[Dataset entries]
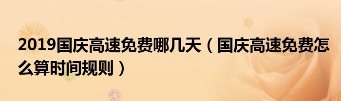 2019年國慶節(jié)放假時(shí)間已確定,根據(jù)國務(wù)院辦公廳通知,國慶七天假。放假時(shí)間:10月1日(國慶節(jié))至7日(重陽節(jié))放假一周;另9月29日(周日)和10月12日(周六)上班。今年國慶節(jié)高速也是免費(fèi)通行的,那么2019國慶高速免費(fèi)哪幾天呢?下面小編給大家介紹下今年國慶節(jié)高速免費(fèi)時(shí)間表還有規(guī)則介紹。
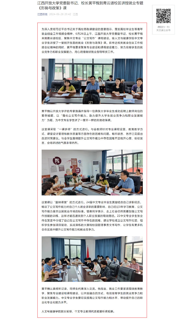 为深入贯彻习近平总书记关于高校思政课建设的重要指示,落实高校毕业生等青年就业创业工作视频会精神,6月26日上午,江南官方体育官方入口(China)官方网站党委副书记、校长黄平槐来到青云谱校区,聚焦中文专业“公文写作”课程建设,给人文与健康学院中文专业学生讲授了一堂别开生面的就业《形势与政策》课。在传达相关就业创业工作视频会议精神的同时,黄平槐要求聚焦专业建设和课程建设着力,努力培育学生的就业竞争力和职业发展能力,用心用情做好就业指导帮扶工作。
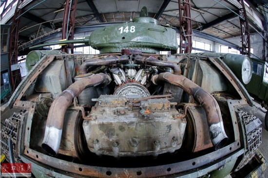 正在整备中的T-34坦克和发动机。
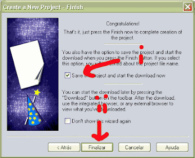 indicate tho the wizard to save the project, and click the ‘finish’ option.
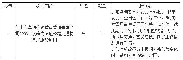 1、标的名称:佛山市高速公路营运管理有限公司2023年度辖内高速公路交通协管员服务项目
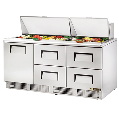 Enhance your commercial kitchen with the True Manufacturing TFP-72-30M-D-4 Refrigerated Counter, Mega Top Sandwich / Salad Unit. This three-section, self-contained unit is designed to meet the demands of a busy restaurant kitchen. It comes with (30) 1/6 size (4"D) poly pans, allowing you to store a variety of ingredients for sandwiches and salads. The stainless steel insulated cover keeps your ingredients fresh and ready to use. The unit also features an 8"D x 1/2" thick cutting board, providing a convenient workspace for food preparation. With its stainless steel front, top, and sides, as well as an aluminum back, this unit is built to withstand the rigors of a commercial kitchen. The (1) door and (4) drawers offer ample storage space, accommodating various pan sizes. The aluminum interior with a stainless steel floor ensures durability and easy cleaning. The rear-mounted refrigeration system keeps your ingredients at the perfect temperature. With its 2-1/2" castors, this unit is easy to move and clean around. Trust True Manufacturing, a reputable brand known for its quality and reliability. Invest in the TFP-72-30M-D-4 Refrigerated Counter, Mega Top Sandwich / Salad Unit to streamline your kitchen operations and deliver fresh, delicious sandwiches and salads to your customers.

Work request -
Precisely those lines above that run from the line with "为深入贯彻习近平总书记关于高" up to and including the line with "1、标的名称:佛山市高速公路" are to be set down, with the pictures omitted.

Solution for this exercise -
 为深入贯彻习近平总书记关于高校思政课建设的重要指示,落实高校毕业生等青年就业创业工作视频会精神,6月26日上午,江南官方体育官方入口(China)官方网站党委副书记、校长黄平槐来到青云谱校区,聚焦中文专业“公文写作”课程建设,给人文与健康学院中文专业学生讲授了一堂别开生面的就业《形势与政策》课。在传达相关就业创业工作视频会议精神的同时,黄平槐要求聚焦专业建设和课程建设着力,努力培育学生的就业竞争力和职业发展能力,用心用情做好就业指导帮扶工作。
 正在整备中的T-34坦克和发动机。
 indicate tho the wizard to save the project, and click the ‘finish’ option.
 1、标的名称:佛山市高速公路营运管理有限公司2023年度辖内高速公路交通协管员服务项目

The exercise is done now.